Exercise aim
What you return must be the exact lines of the material below, from the first through the one that has "John Morrell. Atlantic", with no pictures and, please, nothing else.

Information shown
•••••
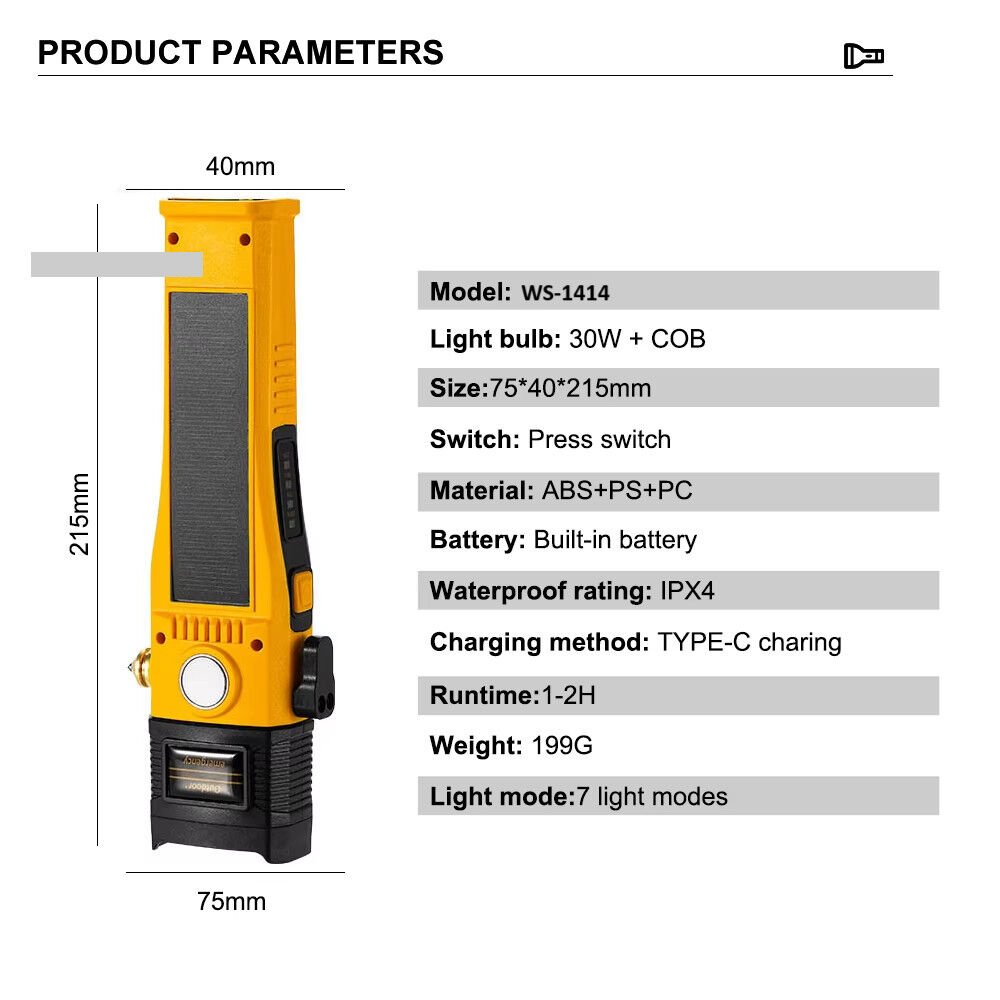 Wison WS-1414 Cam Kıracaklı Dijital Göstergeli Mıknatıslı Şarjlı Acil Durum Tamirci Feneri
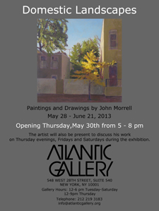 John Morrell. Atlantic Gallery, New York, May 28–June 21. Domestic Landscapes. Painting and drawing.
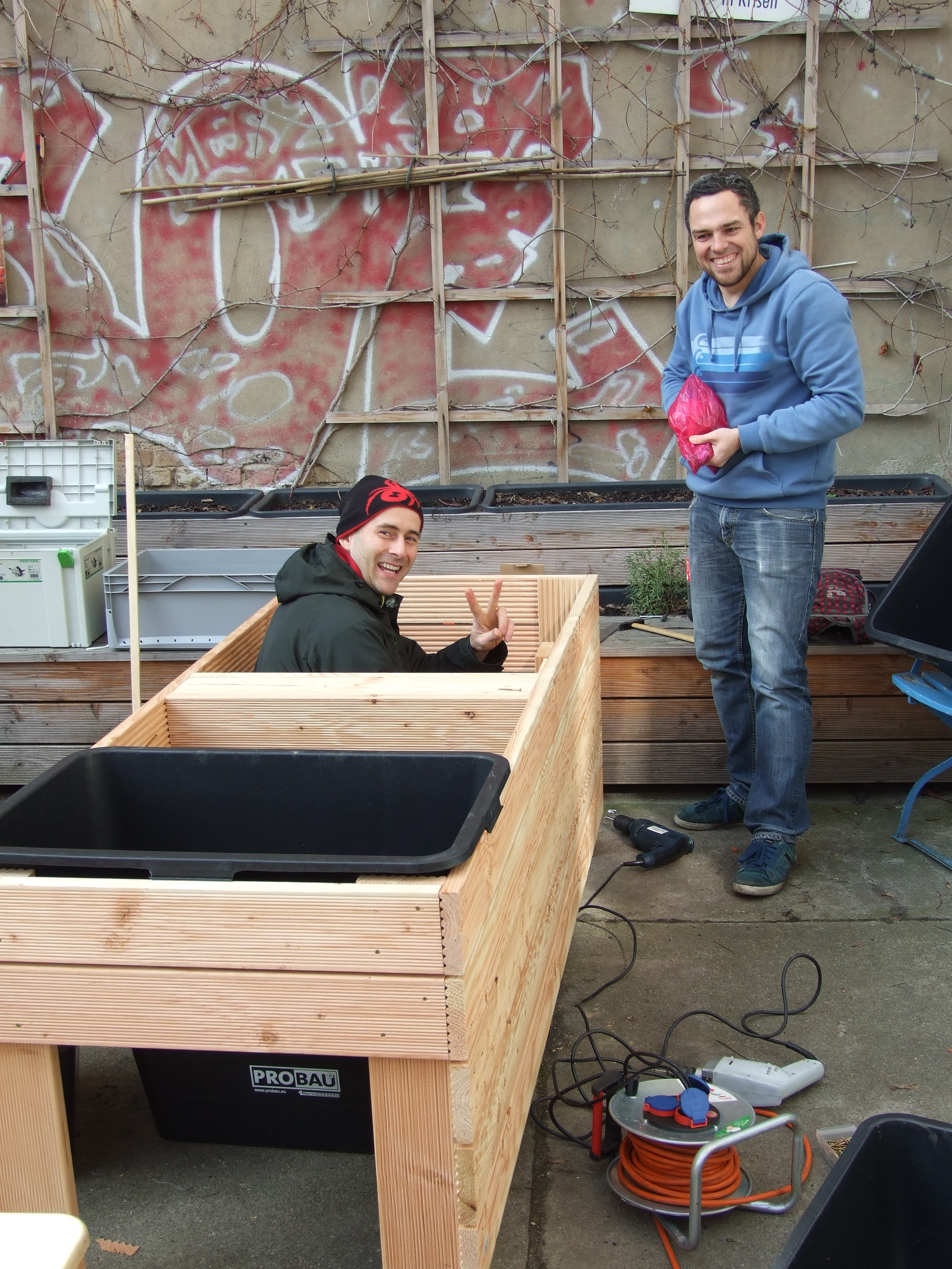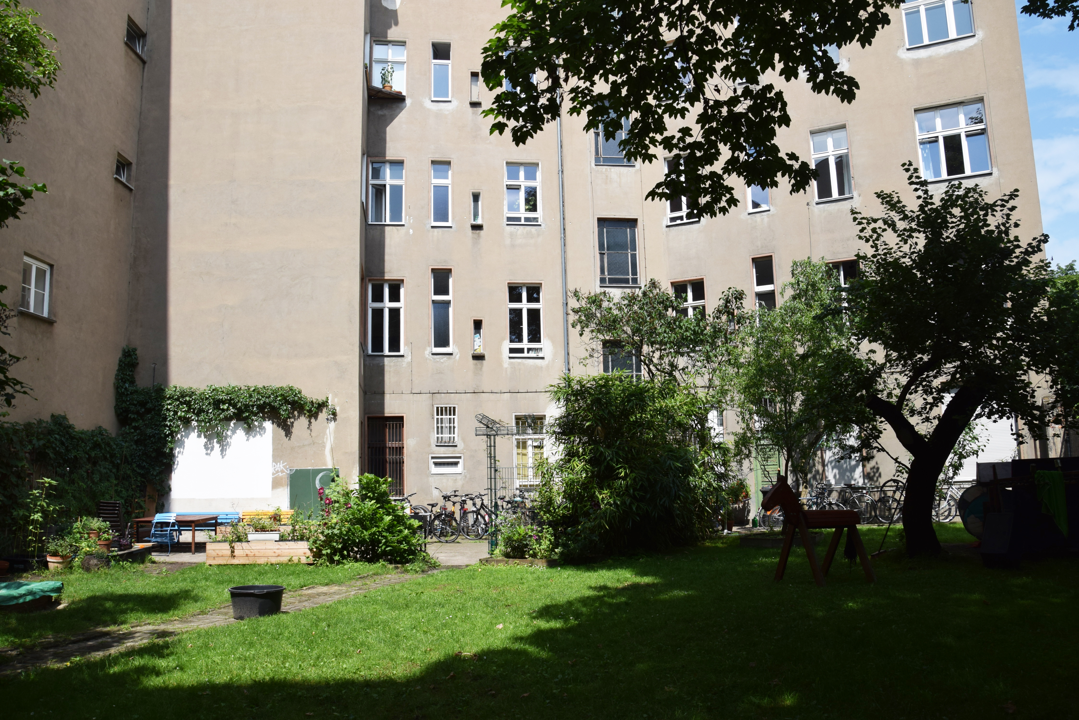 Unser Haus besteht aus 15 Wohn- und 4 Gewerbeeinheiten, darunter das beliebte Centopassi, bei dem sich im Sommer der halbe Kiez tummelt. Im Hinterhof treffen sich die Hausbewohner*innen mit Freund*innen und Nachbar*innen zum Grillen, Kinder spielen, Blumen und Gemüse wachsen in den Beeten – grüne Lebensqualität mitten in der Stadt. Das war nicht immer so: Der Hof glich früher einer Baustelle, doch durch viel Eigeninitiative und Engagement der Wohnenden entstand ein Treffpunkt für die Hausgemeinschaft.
•••••
Expected answer
 Wison WS-1414 Cam Kıracaklı Dijital Göstergeli Mıknatıslı Şarjlı Acil Durum Tamirci Feneri
 John Morrell. Atlantic Gallery, New York, May 28–June 21. Domestic Landscapes. Painting and drawing.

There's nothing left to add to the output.